(Stored entries)
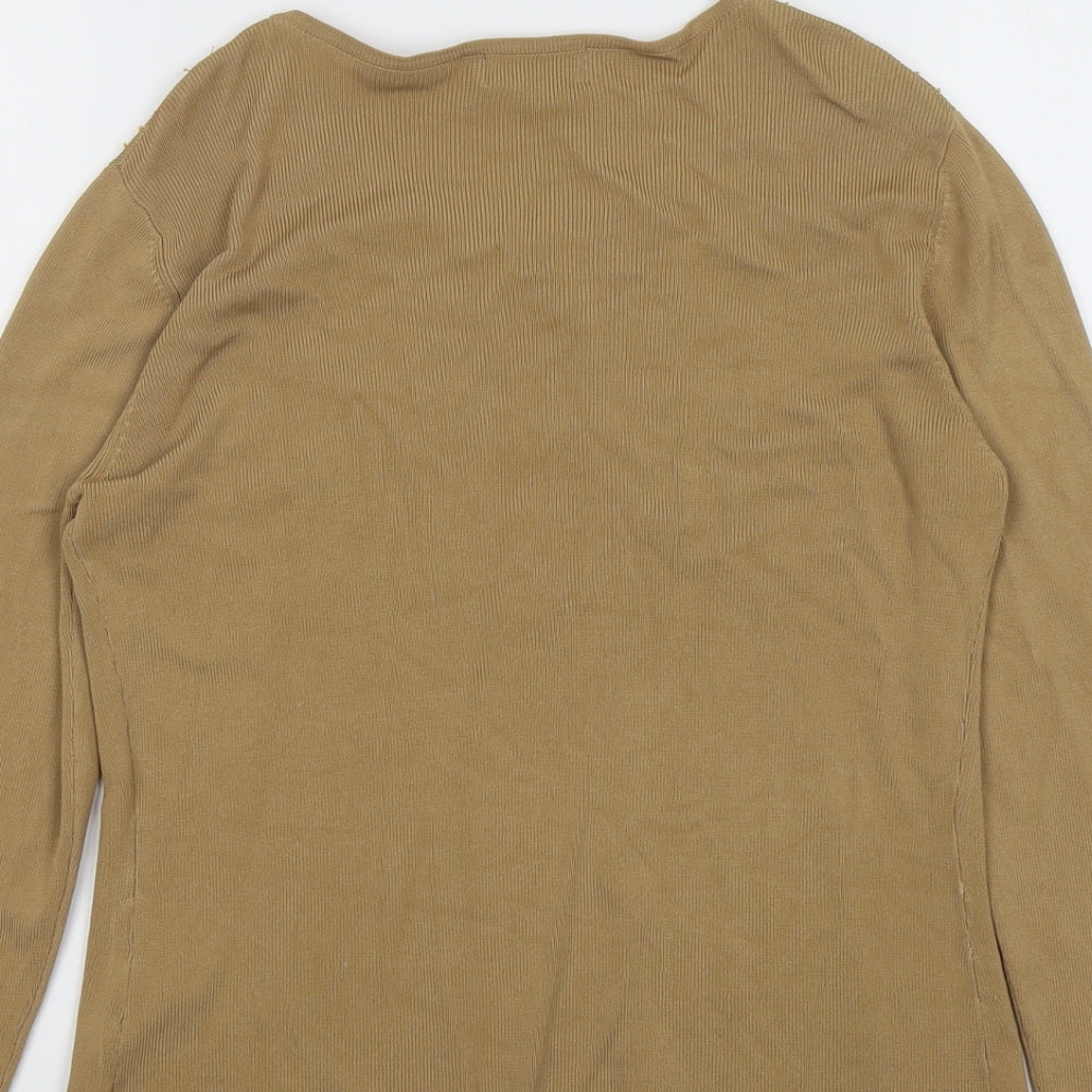 Womens Beige Round Neck Viscose Cardigan Jumper Size M
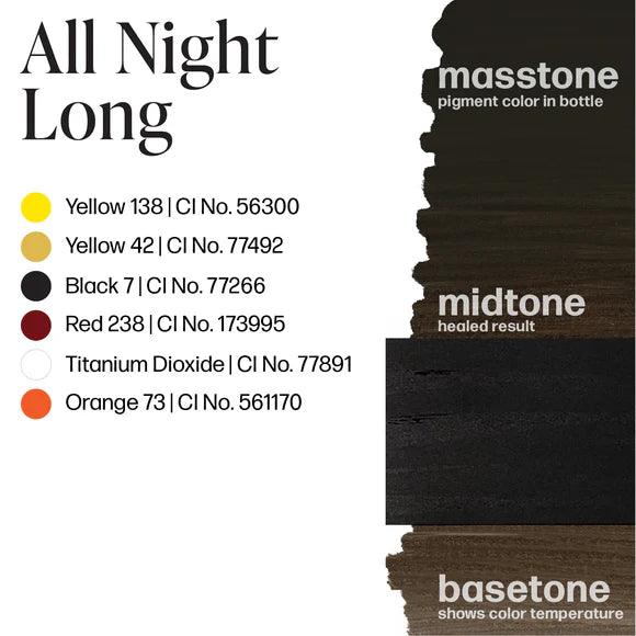 A cool black-brown pigment for melanin-rich skin, designed for precision and long-lasting results. All Night Long, part of the Perma Blend LUXE Microblading Pro range, is a cool black-brown pigment specifically designed for melanin-rich skin tones. With a lower opacity and a blend of organic and inorganic ingredients, this pigment delivers stunning, natural-looking results that heal beautifully. Its cool undertones make it perfect for creating depth and definition for clients with darker skin tones.
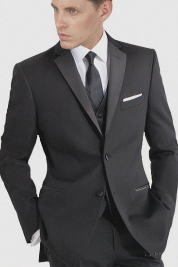 This tuxedo is an incredible value! Crafted from pure worsted wool, it features a 2-button coat with a satin notch lapel, satin-trimmed flap pockets, side vents, and flat front satin-trimmed pants.
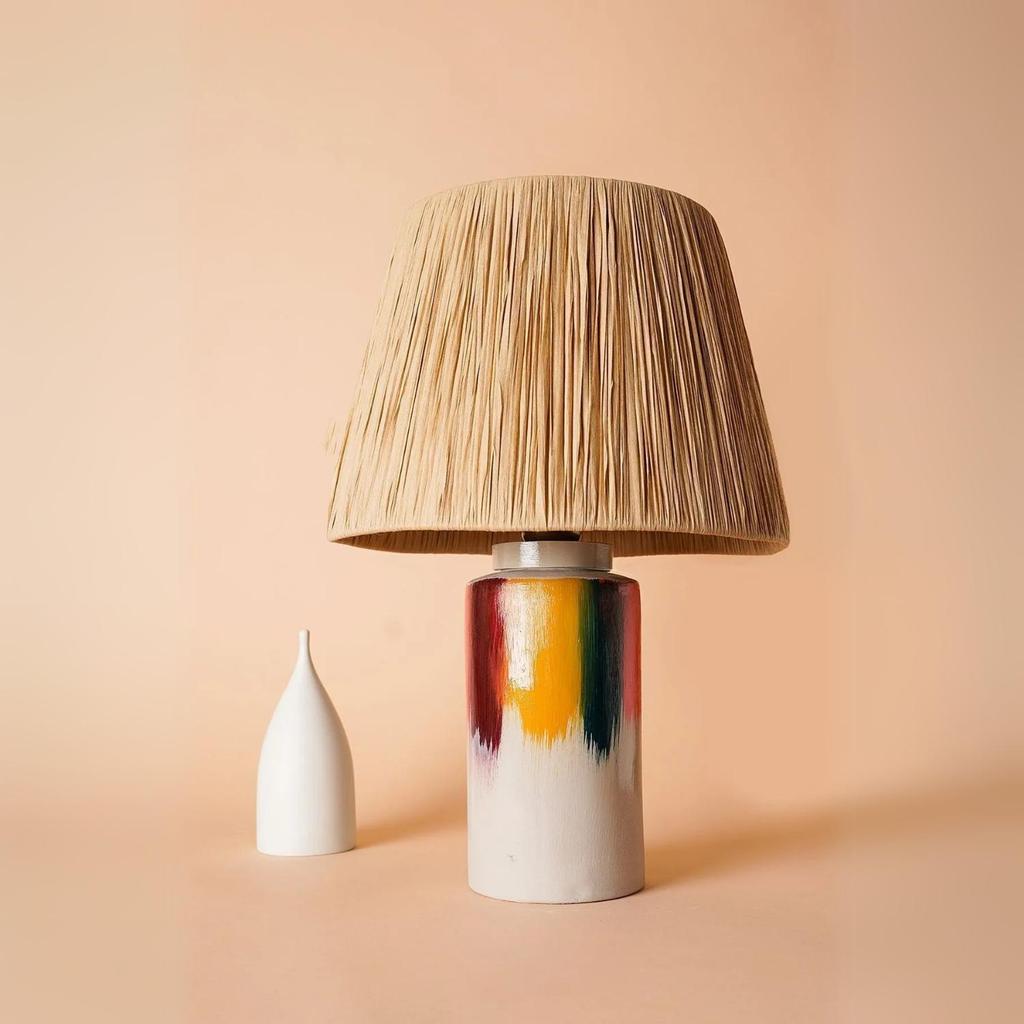 Foudre Handmade Seramik Abajur Hasır-Sarı-Kırmızı-Yeşil-Pembe
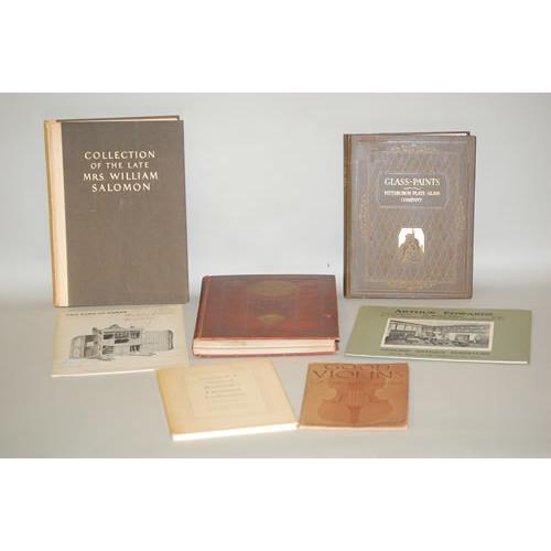 ANTIQUE REFERENCE. A Group of 7 Volumes as Listed. Very Good condition. ***Frederick K. and Margaret R. Barbour's Furniture Collection - SIGNED (1963) The CT Historical Society. With glasssine wrapper, no slipcase. ***Arthur Edwards - The Stratford Galleries - Genuine Antique Furniture (price list laid in) (nd) London, soft cover. ***The King of Desks - Wooton's Patent Secretary by Betty Lawson Walters (1969) Smithsonian. Soft cover, ex-lib. ***Important Eighteenth Century French Art Collection Belonging to the Late Mrs. William Salomon - Auction Catalogue (1928) NY: American Art Assoc. Inc. Half paper vellum, hard cover, photographic plates. ***Good Violins, Bows and Accesories (1938) NY: Rudolph Wurlitzer Co. Soft cover, glossy pages, photographs throughout. ***May & Malone Incorporated Presenting the Red Book for 1928, Chicago. Glossy pages, original order forms. First part of book used as a scarpbook. ***Glass - Paints, Varnishes and Brushes - Their History, Manufacture and Use (1923) Pittsburgh Plate Glass Co. Glossy pages, includes tissue guarded samples.
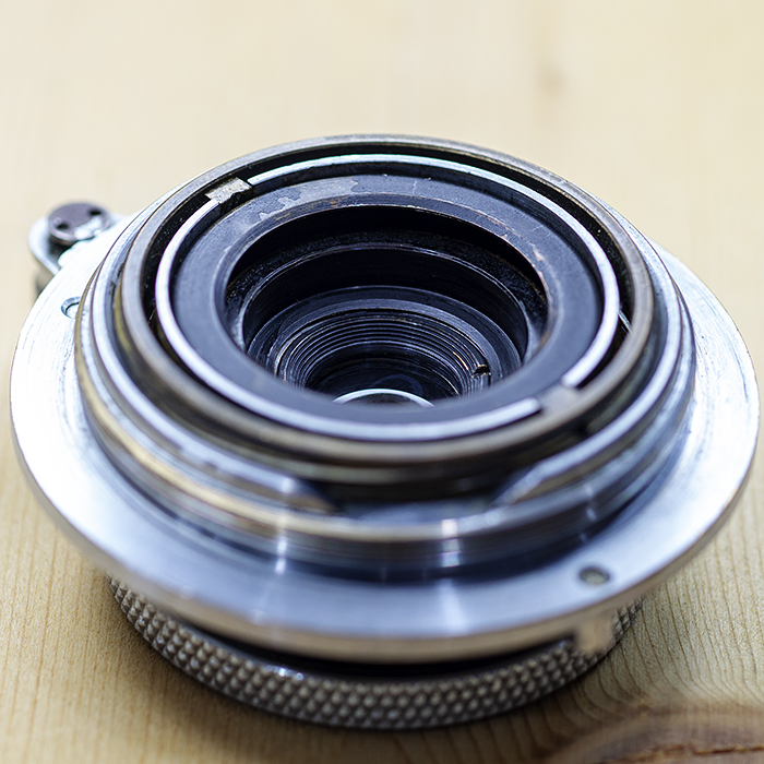 촬영 준비를 할 때 렌즈 배럴의 나사를 풀 필요가 없습니다 ( 50mm Elmar 렌즈 와 달리
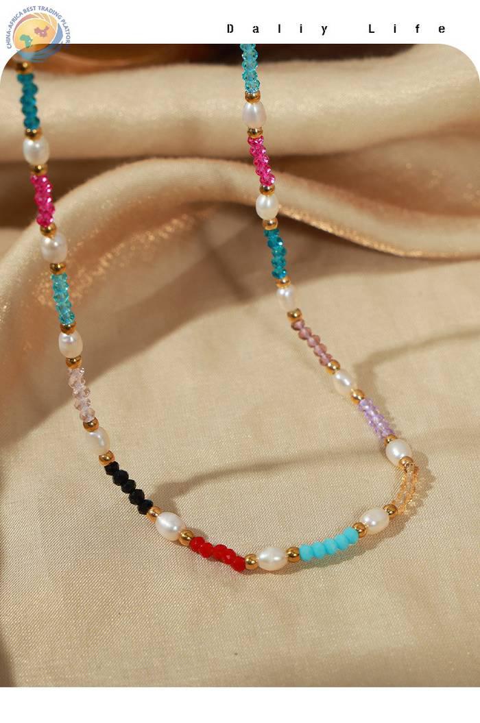欧美新款复古时尚轻奢小众钛钢珠天然石淡水珍珠手工串珠项链饰品

** Exercise requirements **
In the entries above, find the line containing "A cool black-brown pigment for" and the line containing "Foudre Handmade Seramik", then copy both and every line between them exactly, without any picture.

** Solution **
 A cool black-brown pigment for melanin-rich skin, designed for precision and long-lasting results. All Night Long, part of the Perma Blend LUXE Microblading Pro range, is a cool black-brown pigment specifically designed for melanin-rich skin tones. With a lower opacity and a blend of organic and inorganic ingredients, this pigment delivers stunning, natural-looking results that heal beautifully. Its cool undertones make it perfect for creating depth and definition for clients with darker skin tones.
 This tuxedo is an incredible value! Crafted from pure worsted wool, it features a 2-button coat with a satin notch lapel, satin-trimmed flap pockets, side vents, and flat front satin-trimmed pants.
 Foudre Handmade Seramik Abajur Hasır-Sarı-Kırmızı-Yeşil-Pembe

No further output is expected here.